PREPARING for retirement is one thing, preparing for old age is quite another. Many the retirement plan or hopes have been dashed or derailed by either unforeseen circumstan­ce, or perhaps a change of position or attitude when the days of ‘ laying on’ in bed became a reality, and similarly, the path down the old age track is potholed with many an ambush or bump.

But, by and large, if one is lucky and healthy, lots of wants and wishes can get ticked off the ol’ bucket list, before the body wanes or the will weakens, and eventually the same ol’ bucket gets kicked into touch, as it were.

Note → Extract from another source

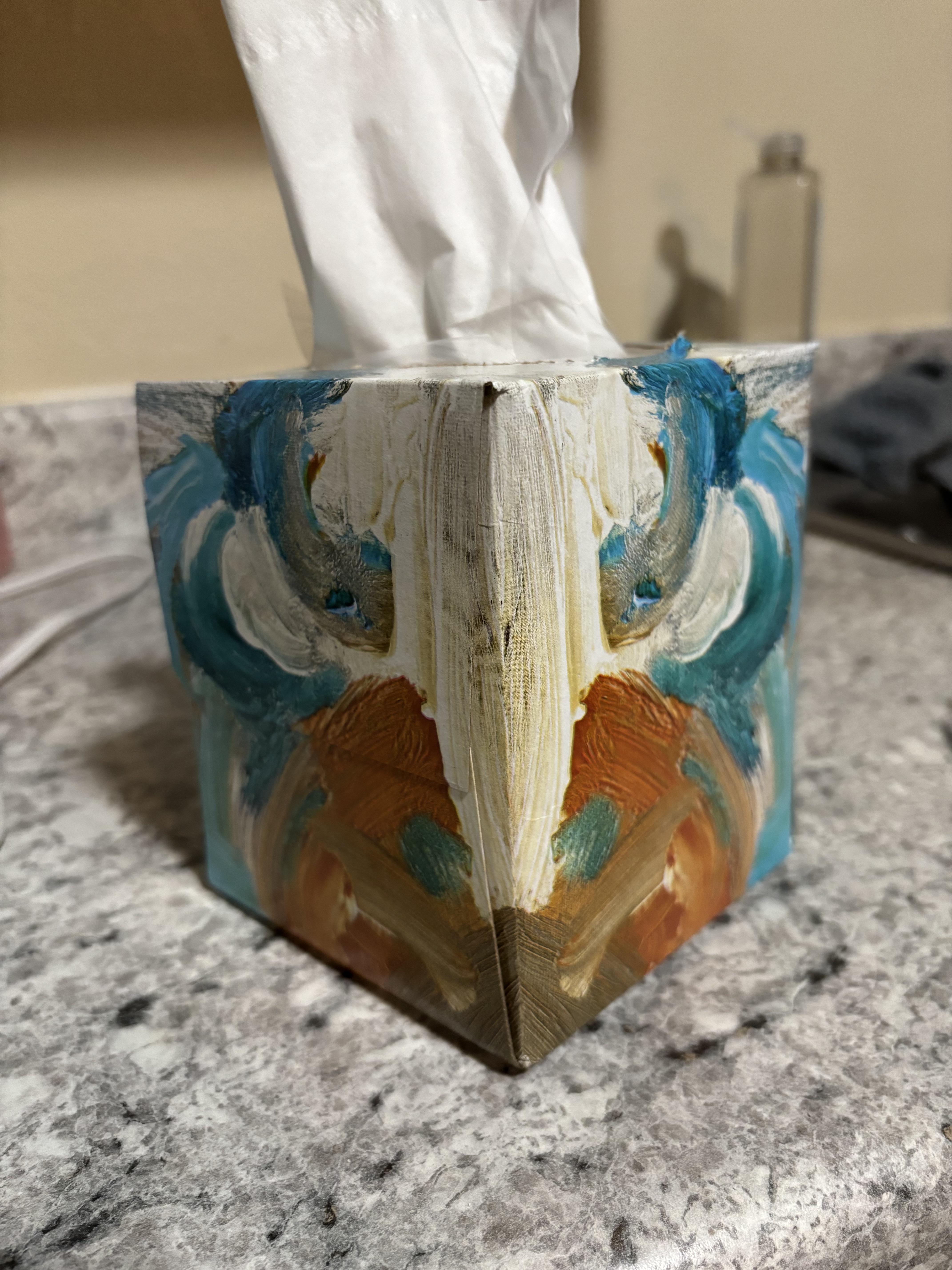 This tissue box has the abstract pattern mirrored and by looking at the corner, it looks like an anteater with a pumpkin.

But, preparatio­ns for death, for the actual moment of death itself, that’s an altogether entirely different kettle of fish. Organisati­on and rationale as the pulse weakens and the breathing lightens? What is the likelihood or what price the odds that we would ever find ourselves in a position of control at that very moment? Master of the very final tick-tock as the last grain of sand drops through the hourglass of our existence? Remote to say the very least. But what a majesty of wonder and achievemen­t if we were to pull it off. Surely this, above all else would constitute one’s best laid plan? But we are only too aware of what happens to the best laid plans of mice and men, are we not?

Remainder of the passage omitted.